Tempo di lettura: 6 minuti

In questo articolo risponderemo alle domande:

  1. Quanti sono i tumori che hanno origine da fattori di rischio ereditari?
  2. Come sono stati fatti questi calcoli?
  3. Quali sono le sindromi ereditarie più comuni che predispongono al cancro?
  4. Per chi può essere consigliabile sottoporsi a uno screening genetico?
  5. Quali sono i pro e i contro degli screening genetici?

Secondo i risultati di uno studio condotto dal Centro per la medicina personalizzata della Mayo Clinic di Phoenix (Arizona), pubblicati sulla rivista JAMA Oncology, un paziente oncologico su 8 possiede una mutazione ereditaria in un gene coinvolto nell’insorgenza del cancro. Sono giunti a questa conclusione alcuni ricercatori statunitensi che hanno sottoposto a test genetico 3.000 pazienti, tra cui anche persone che, secondo le attuali linee guida statunitensi per i test genetici, non avrebbero avuto i requisiti per sottoporsi a tali esami. In questo modo sono stati identificati più portatori di mutazioni rispetto quelli che sarebbero stati scoperti seguendo le indicazioni. Più precisamente, il 48 per cento in più. Ciò suggerisce che tutti i malati di tumore andrebbero sottoposti a test genetici? E quali sono i vantaggi, e gli svantaggi, di questo tipo di indagine?

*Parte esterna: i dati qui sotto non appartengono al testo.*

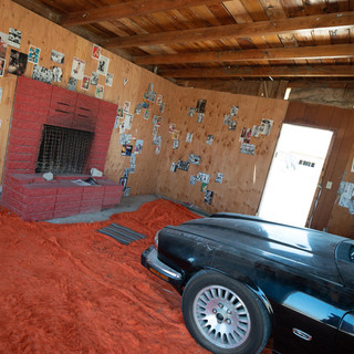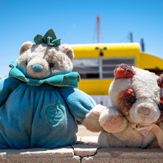 Outside the fading sea shores, it's dry, arid desert land. Just looking at it makes me thirsty. There are many strange things left behind: Trailers. Teddy Bears. Houses with cars inside. The good news is that I hear birds and see one random cat.

La predisposizione ereditaria ai tumori

Ciascuno di noi corre il rischio di ammalarsi di tumore, ma alcune persone sono geneticamente più predisposte a svilupparne alcuni. Per esempio, certe forme del cancro del seno e di quello del colon-retto sono favorite da mutazioni ereditarie, trasmesse dai genitori. Si tratta di alterazioni che possono innescare una serie di eventi in grado, alla fine, di portare allo sviluppo di un cancro. Si noti bene che, anche se si parla di “tumori ereditari”, in realtà si eredita una certa configurazione di geni favorevole all’insorgenza della malattia, e non la malattia stessa. Non è infatti detto che il tumore compaia. Il rischio però che si presenti in queste persone è più alto rispetto al resto della popolazione non portatrice delle stesse varianti geniche. La formazione di un tumore è infatti quasi sempre il risultato di una combinazione di fattori di rischio genetici, ereditari e non, dell’azione di agenti chimici o fisici nell’ambiente, e di errori imputabili al caso, nella duplicazione del DNA.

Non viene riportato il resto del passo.